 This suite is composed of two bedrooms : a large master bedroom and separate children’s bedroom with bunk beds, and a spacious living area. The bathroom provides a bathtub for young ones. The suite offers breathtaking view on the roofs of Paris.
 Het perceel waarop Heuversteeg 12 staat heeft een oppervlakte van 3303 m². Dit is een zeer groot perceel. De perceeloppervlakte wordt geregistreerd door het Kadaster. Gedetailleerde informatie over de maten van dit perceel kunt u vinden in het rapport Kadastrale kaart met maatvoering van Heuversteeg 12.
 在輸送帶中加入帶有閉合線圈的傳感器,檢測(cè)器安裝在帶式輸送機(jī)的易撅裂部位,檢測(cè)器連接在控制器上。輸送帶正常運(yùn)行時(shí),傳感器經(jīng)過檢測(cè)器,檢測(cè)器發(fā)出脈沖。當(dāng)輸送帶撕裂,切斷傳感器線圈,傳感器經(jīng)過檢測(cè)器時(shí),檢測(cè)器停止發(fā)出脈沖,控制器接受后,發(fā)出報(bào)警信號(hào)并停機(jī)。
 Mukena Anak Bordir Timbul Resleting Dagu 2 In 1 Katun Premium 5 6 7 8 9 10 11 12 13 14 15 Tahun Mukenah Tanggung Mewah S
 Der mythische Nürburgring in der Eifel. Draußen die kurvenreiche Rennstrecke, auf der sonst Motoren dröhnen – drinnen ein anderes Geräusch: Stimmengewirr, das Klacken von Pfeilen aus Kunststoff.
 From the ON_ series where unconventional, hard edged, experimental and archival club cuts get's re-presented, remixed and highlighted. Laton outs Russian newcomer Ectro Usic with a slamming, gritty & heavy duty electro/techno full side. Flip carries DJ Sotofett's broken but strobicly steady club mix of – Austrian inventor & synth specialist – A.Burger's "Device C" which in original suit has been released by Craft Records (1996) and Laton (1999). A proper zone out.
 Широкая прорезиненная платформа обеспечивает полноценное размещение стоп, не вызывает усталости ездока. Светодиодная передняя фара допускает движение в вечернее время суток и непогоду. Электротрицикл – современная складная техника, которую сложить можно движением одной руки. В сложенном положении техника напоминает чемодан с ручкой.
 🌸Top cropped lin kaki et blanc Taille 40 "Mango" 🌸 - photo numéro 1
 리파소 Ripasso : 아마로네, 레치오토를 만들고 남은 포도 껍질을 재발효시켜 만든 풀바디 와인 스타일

_PROBLEM_
Set down the lines from the one with "Широкая прорезиненная платформа" through the end of the data above. Keep each exactly as written and add no other line.

_WRITTEN REPLY_
 Широкая прорезиненная платформа обеспечивает полноценное размещение стоп, не вызывает усталости ездока. Светодиодная передняя фара допускает движение в вечернее время суток и непогоду. Электротрицикл – современная складная техника, которую сложить можно движением одной руки. В сложенном положении техника напоминает чемодан с ручкой.
 🌸Top cropped lin kaki et blanc Taille 40 "Mango" 🌸 - photo numéro 1
 리파소 Ripasso : 아마로네, 레치오토를 만들고 남은 포도 껍질을 재발효시켜 만든 풀바디 와인 스타일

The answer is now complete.